The second determining module 4555 is further configured to:
Acquiring category information of a video;
Searching the confidence threshold corresponding to the video category information in the corresponding relation between the video categories and the confidence threshold.
Recommendation module 4556 for: and sending the definition identification result of the video to a recommendation system so that the recommendation system executes corresponding recommendation operation according to the definition of the video.
Embodiments of the present invention provide a storage medium having stored therein executable instructions which, when executed by a processor, cause the processor to perform a method provided by embodiments of the present invention, for example, an artificial intelligence based video sharpness processing method as illustrated in fig. 4A, 4B or 4C.
In some embodiments, the storage medium may be FRAM, ROM, PROM, EPROM, EE PROM, flash memory, magnetic surface memory, optical disk, or CD-ROM; but may be a variety of devices including one or any combination of the above memories.
In some embodiments, the executable instructions may be in the form of programs, software modules, scripts, or code, written in any form of programming language (including compiled or interpreted languages, or declarative or procedural languages), and they may be deployed in any form, including as stand-alone programs or as modules, components, subroutines, or other units suitable for use in a computing environment.
As an example, the executable instructions may, but need not, correspond to files in a file system, may be stored as part of a file that holds other programs or data, such as in one or more scripts in a hypertext markup language (html, hyper Text Markup Language) document, in a single file dedicated to the program in question, or in multiple coordinated files (e.g., files that store one or more modules, sub-programs, or portions of code).
As an example, executable instructions may be deployed to be executed on one computing device or on multiple computing devices located at one site or distributed across multiple sites and interconnected by a communication network.

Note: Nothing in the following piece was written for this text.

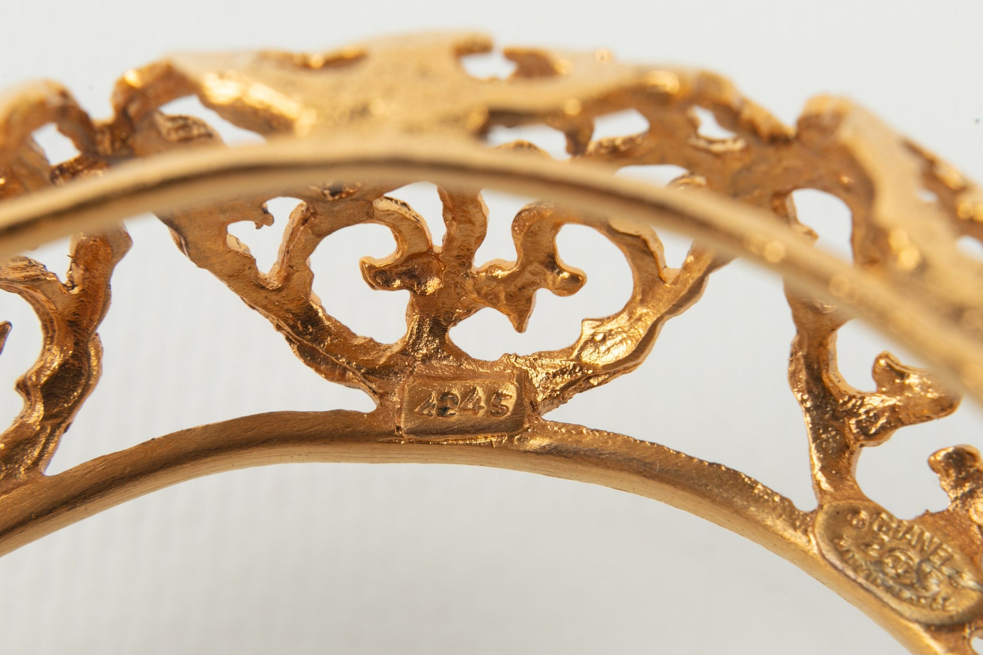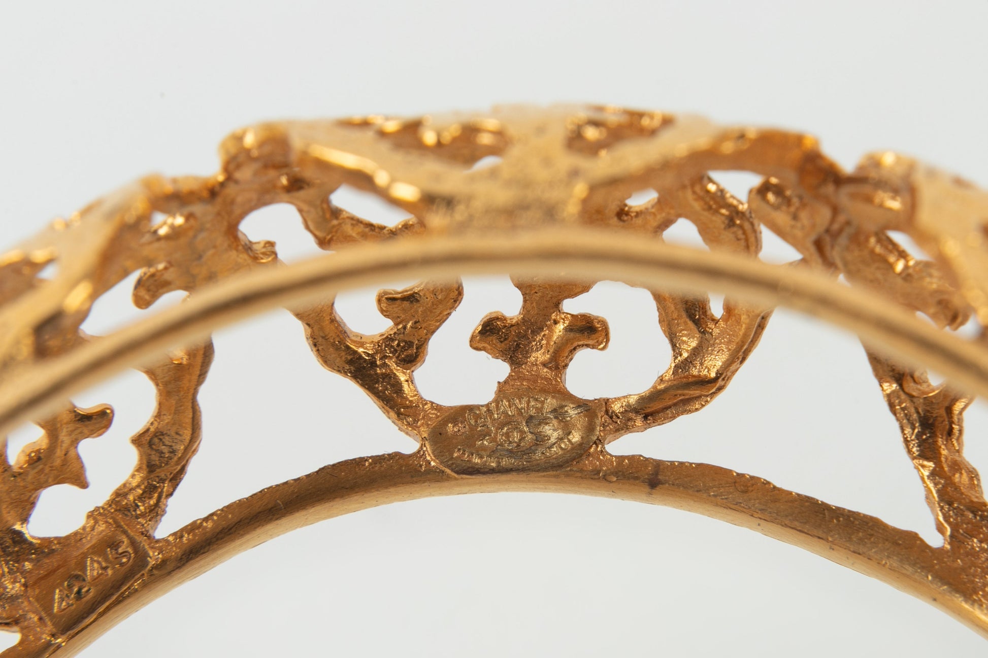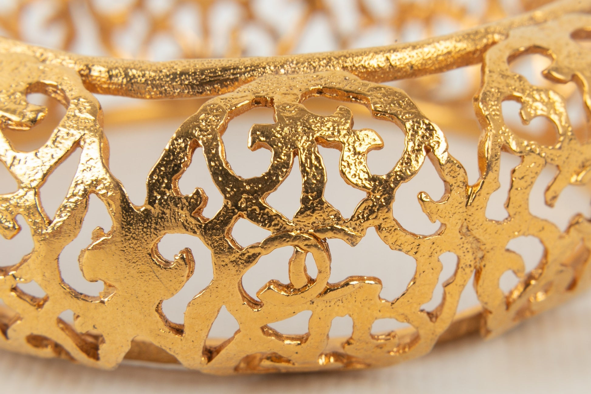 CHANEL - Bracelet en mtal dor ajour.

In summary, according to the embodiment of the invention, a plurality of image frames are extracted from the video, the foreground of the plurality of image frames is subjected to definition recognition to obtain a recognition result of video definition, and the background of the corresponding image frame is subjected to definition recognition according to the judgment of the recognition result to obtain an updated video definition recognition result, so that different recognition modes can be automatically selected for different types of videos, the definition of a short video is efficiently and accurately recognized, and the purpose of simulating the definition of a human-simulated sensory recognition video is achieved; aiming at the clear video and the general video, only the foreground definition model is required to be called for definition identification, so that a definition identification result can be obtained efficiently and accurately, recall and accuracy of the clear video are improved, and processing efficiency is improved; aiming at the fuzzy video, a background definition model is further called to carry out definition recognition so as to update the result of video definition recognition, and in this way, the video judged to be fuzzy due to fuzzy foreground comparison can be recalled, so that the accuracy rate of the fuzzy video is improved; inputting the obtained video definition result into a recommendation system, so that the recommendation system recommends videos with higher definition to a user, and the video click rate and the watching time of the user are increased.
The foregoing is merely exemplary embodiments of the present invention and is not intended to limit the scope of the present invention. Any modification, equivalent replacement, improvement, etc. made within the spirit and scope of the present invention are included in the protection scope of the present invention.